The data:
————————

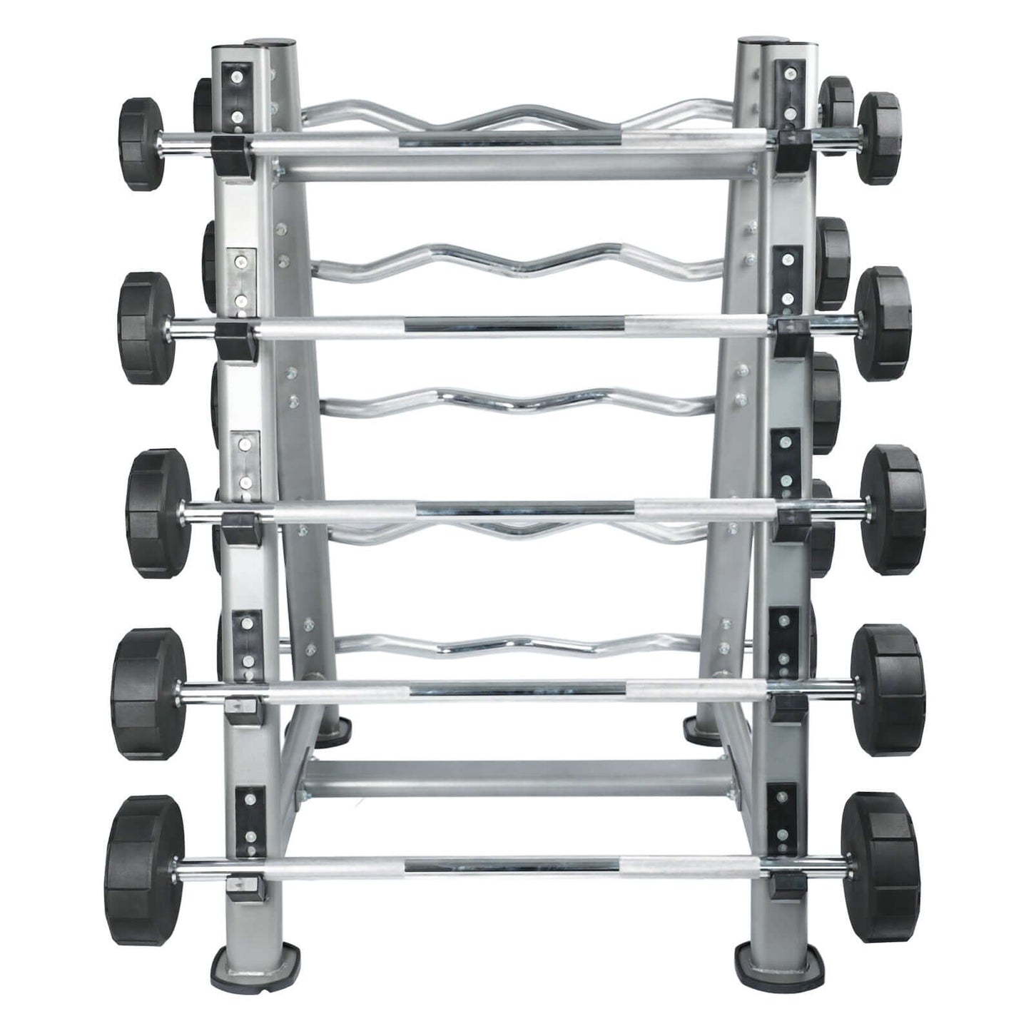 - WHAT’S IN THE PACKAGE – Each Fixed Barbell is made from steel, coated in chrome, with protective rubber caps on each end With heavy Duty Rack
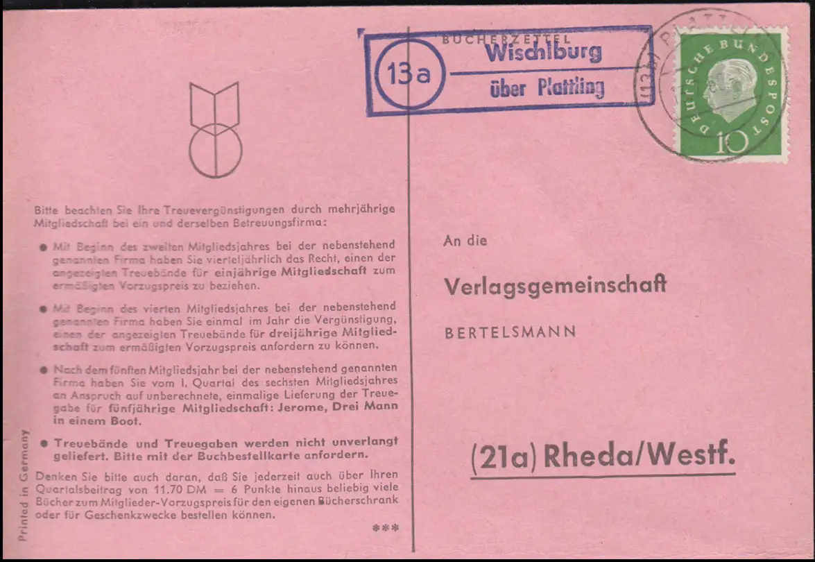 Landpost Wischlburg über PLATTLING 13.7.1960 auf Bücherzettel nach Rheda/Westf.
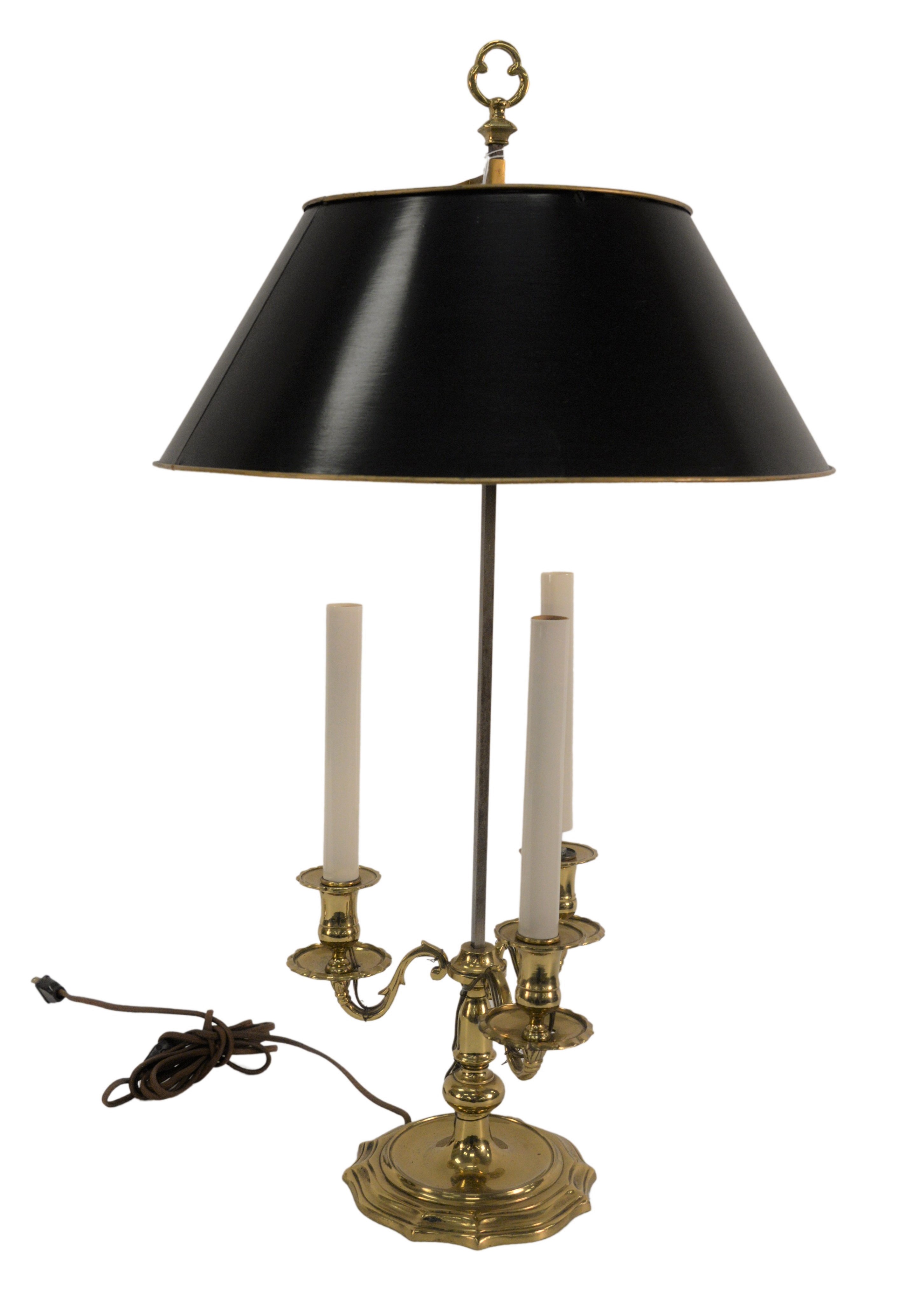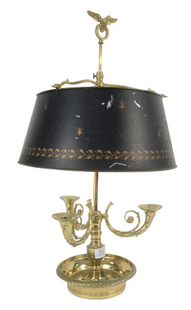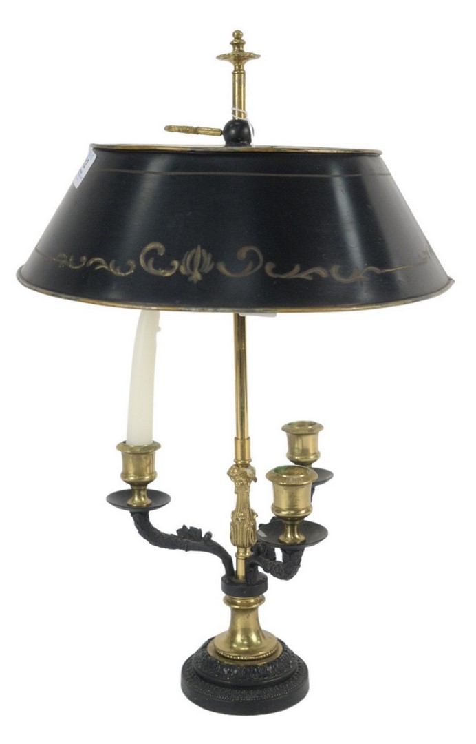 French Bouillotte Table Lamps with gilt brass with three arms and adjustable tole shade along with small brass and black three arm with adjustable tole shade, heights 26 inches
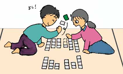 送られた方は、自陣の好きな所へその札を並べます 送り札は相手の方へ向けてていねいに送りましょう。 |

————————

Produce an exact copy of the lines from the line containing "Landpost Wischlburg über" to the end of the material, both ends included, and omit every picture.

 Landpost Wischlburg über PLATTLING 13.7.1960 auf Bücherzettel nach Rheda/Westf.
 French Bouillotte Table Lamps with gilt brass with three arms and adjustable tole shade along with small brass and black three arm with adjustable tole shade, heights 26 inches
 送られた方は、自陣の好きな所へその札を並べます 送り札は相手の方へ向けてていねいに送りましょう。 |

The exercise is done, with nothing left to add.